Before too long, Frankenstein’s desire to repent of his hubristic, sacrilegious offences comes to naught, as the Creature rebels against his cruel treatment at the hands of his creator’s associates and runs loose, crashing Frankenstein’s wedding preparations and inspiring that angry, torch-wielding mob to rise up. Which of them will get the justice they deserve?
As noted, it’s kind of fatuous to judge Frankenstein as an adaptation of the novel, because virtually none of the original story beyond the most basic premise makes it to the screen. Viewed solely as a piece of visual entertainment, however, it still stands up astonishingly well for a film now entering its tenth decade – it’s far better than Dracula, made in the same year by the same studio. It’s a piece about image and sensation above all else – characterisation is minimal, handled with the broadest of brushes – there’s none of the delving into Frankenstein’s personality and motivation that the Branagh version takes pains over. But the images themselves are fantastic: extraordinary, towering sets, and fluid direction by Whale. This is before we even get to the iconic realisation of the Creature himself.

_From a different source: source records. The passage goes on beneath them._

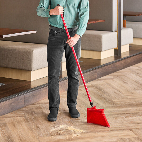 This Lavex red flagged angled broom makes sweeping a breeze!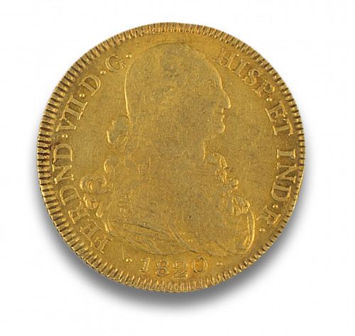 Moneda de oro PELUCONA, Ocho escudos Fernando VII, de 1820.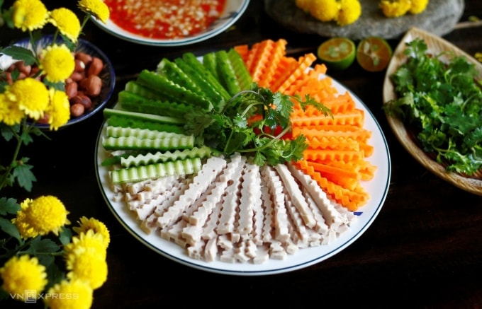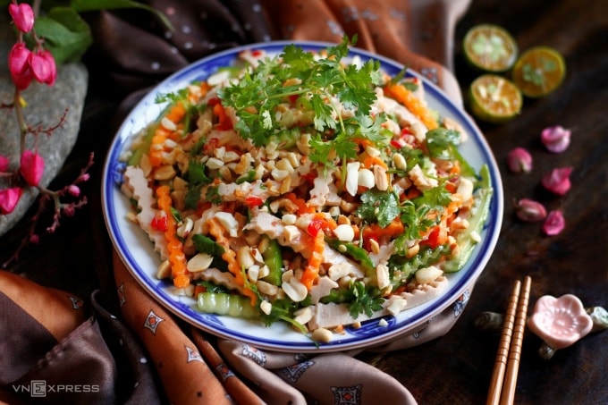 Thành phẩm: Đĩa nộm hoàn thiện có màu sắc hài hòa, nguyên liệu khô ráo. Vị chua cay mặn ngọt vừa phải, hậu vị thanh, giúp cân bằng những món nhiều đạm, nhiều dầu mỡ trong mâm cơm ngày Tết. Nên dùng ngay sau khi trộn để giữ độ giòn tươi.

On the other hand – and there really has to be another hand, no matter how legendary and influential the movie may be – one has to wonder about the extent to which this actually qualifies as an adaptation of Frankenstein, for it seems to me that the soul of the novel is absent. This is due to one key decision: rendering the Creature mute. Admittedly, Shelley’s handling of the Creature’s self-realisation and education is rather corny and implausible, but it does enable the central discourse of the story to take place: the discussion between Frankenstein and the Creature of what their responsibilities towards each other are. Frankenstein assumes the power of God, but is reluctant to take on the duties that go with it; the Creature’s resentment of what he sees as Frankenstein’s neglect is really justified. Karloff does a lot to make the Creature sympathetic, but in the second half of the movie Clive goes from being an imposingly unhinged presence (I think his performance in the opening section of the film is really underrated) to a much blander and more anonymous romantic lead. The climax of the film makes it initially seem quite ambiguous as to whether Frankenstein lives or dies: and, oddly, the scene which ends the film on a (supposedly) upbeat note barely features him. Perhaps the makers had already clocked that there was only one real star of this film, and it was the British guy in all the make-up.
The thing about Frankenstein the movie being such a massive popular success, and so iconic, is that the result is that there are essentially two rival versions of this story fighting for dominance in the public eye: Shelley’s and Whale’s. Every subsequent version of this story has riffed on or derived from one or the other of them – and, the vast majority of the time, it is Whale’s which has won out. You may find this regrettable (and it certainly means that a wholly satisfying film version of this story arguably doesn’t exist). Whale’s movie may be assembled out of images and ideas from many different sources, few of them having much real connection to Shelley, but this shouldn’t detract from the artistic success of the venture.